2006年07月15日
●本当に言いたかったこと。
先月末、入社4年目のお姉ちゃんが退職した。
そのおねえちゃんが辞めること自体には特にこれといった感慨もない。やりたいことが見つかったって人を引き止めるなんてのは無粋なことだし、去年かなり辛そうだったし、家庭の事情で残業・出張は不可て言ってたらしいけど、もう勘弁、やりたくないってのも少なからずの本心としてあったんだろうと思う。

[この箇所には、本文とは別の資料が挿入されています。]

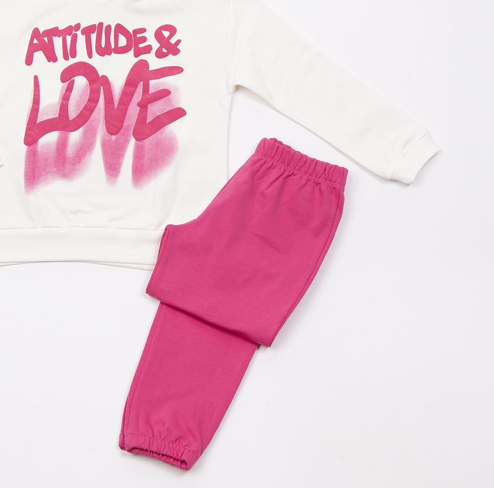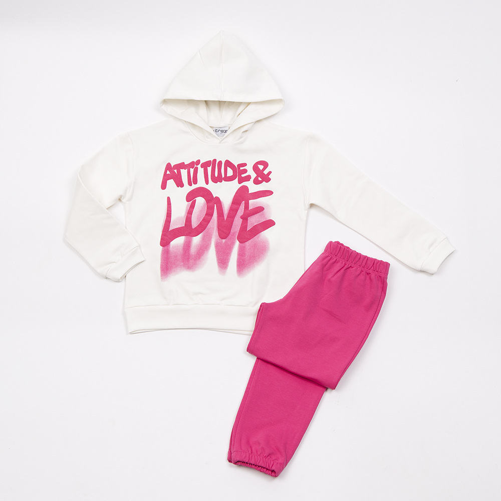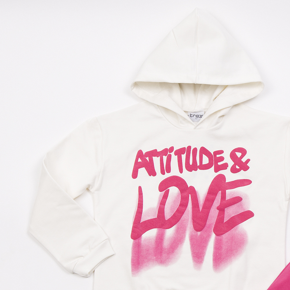 Σετ φόρμας TRAX, μπλούζα φούτερ με κουκούλα σε εκρού χρώμα και παντελόνι φούτερ με λάστιχο στη μέση και το τελείωμα σε χρώμα φούξια.

当日送れて21時から飲み会に合流し23時に場所を移動。そこでサッカー(ドイツ-アルゼンチン)を見ながら3時頃まで飲み、最後に各人からメッセージということになった。俺には来ないだろうと思っていたが急に指名され、言いたいことはあるのにまともなことも言えず終わってしまった。そんなわけで、本人がここを見ることは無いだろうが、その場で本当に言いたかったことをあらためてここでまとめてみる。

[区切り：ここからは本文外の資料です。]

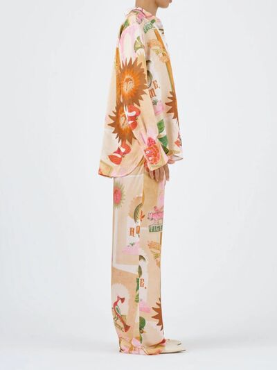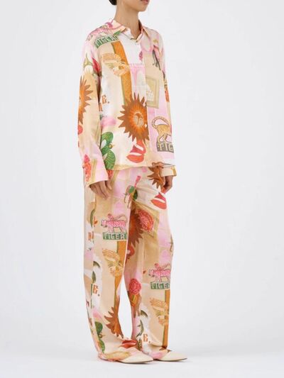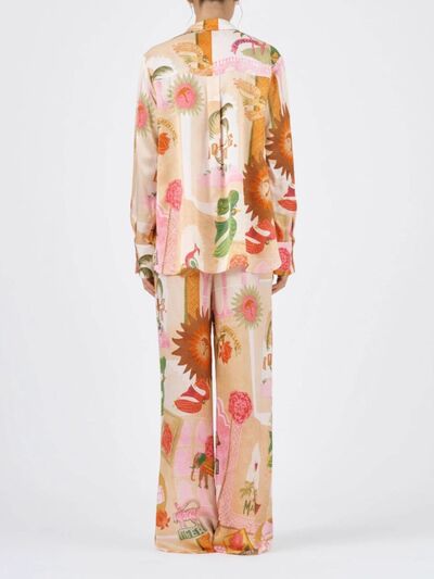 Animal Print Button Up Shirt and Pants Set

かなりまじめな話として、俺より若い連中が辞めると、後悔というか申し訳なさというか会社自体の器量の狭さを感じずにはいられない。結局この会社には彼女を一人前に育てようという土壌も気概も方針もなく、やりがいの無いただ辛いだけの仕事に突っ込み、結果としてこの会社に希望を見出せない彼女は去った。去年も彼女の同期が辞めている。俺は俺で今の状況を変えようと、とりあえず俺のまわりを楽しい仕事で埋めることからはじめるべく模索しているが、忙しさにかまけてなかなか先に進めることができないでいる。
そして間に合わなかった、と思う。
自分が楽しく暮らすために楽しい仕事を仕掛けようとしているのと同時に、まわりの人にもやりがいのある仕事をして欲しい。そして楽しいと思ってもらえるような環境を作りたい。しかし全然できてない。そして結局そういう環境が出来上がる前に彼女は辞めてしまった。それが後悔と申し訳なさにつながっている。彼女は辞めてしまったけど、どうにかして環境を変えていきたいと思う。
俺が本当に話したかったことはこんなようなことだった。
会社が人によって成り立つ以上、もっとも重要な要素は人材であるはずだ。その人材が、しかも若い人材が辞めていく。この状況に俺は会社の危機を感じるが、同じ思いを抱いている人はどれだけいるのだろうか。
やりがいとは夢や情熱を傾けることのできる事柄だからこそ感じる気持ちであると思うし、管理職のメッセージを見る限り、それらは重要な要素であることは間違い無いのだろう。しかし残念ながら数字が先に立つのが今のわが社だ。
「数年後に何%の成長を目指す。売り上げはこれくらい、利益はこれくらいで、受注はこれぐらい。それを達成するために既存ビジネスを組み合わせて新しいビジネスを創出しよう。」
過日の部内会議1時間の要約。正直な話、これで済む。
数字から話を始めるあたり、この目標が達成できれば仕事なんて何でもいい、と言っているように聞こえたし、現実もそういう状況だったりする。数字に夢や情熱を見出せるのは巷の数学者くらいなものだと思うのだが、俺の言ってることは奇麗事で、現実を見れば「なんでもいいから数字を出す」「数字を出すためにどんな仕事でもやる」のが今の我々のスタンスなんだろう。結果、他社が逃げたような仕事に首を突っ込み滅茶苦茶になったり、親会社とのパワーゲームに負け大赤字になるような金額しか貰えなかったりしてる。
どうすればこの状況から脱却できるか。原因はどこにあるのか。
仕事の選択肢が徹底的に少ない。原因はここじゃないかと俺は思う。選択肢が増えれば親会社に屈する必要も無い。柱の業務が折れてもどうにか食いつなげることができるかもしれない。会社としての今後を考えながら進む方向、受ける仕事を選べるかもしれない。仕事の選択肢を増やすには、ウチの対外的な知名度を上げて引き合いを増やしていくてのが一手段だろう。(悪評判が広まる可能性もあるが)この状況を改善するための突破口はウェブだと信じて疑わない俺だが、今の仕事が一息つく10月以降は直談判してでもそっちの仕事をやるつもりだ。とりあえずは東京を中心に動くことになるだろう。
そしたらまずは麻布十番でカレーうどんを食わねば。
長々と書いてきましたが、実を言うとこれが本当に言いたかったことです。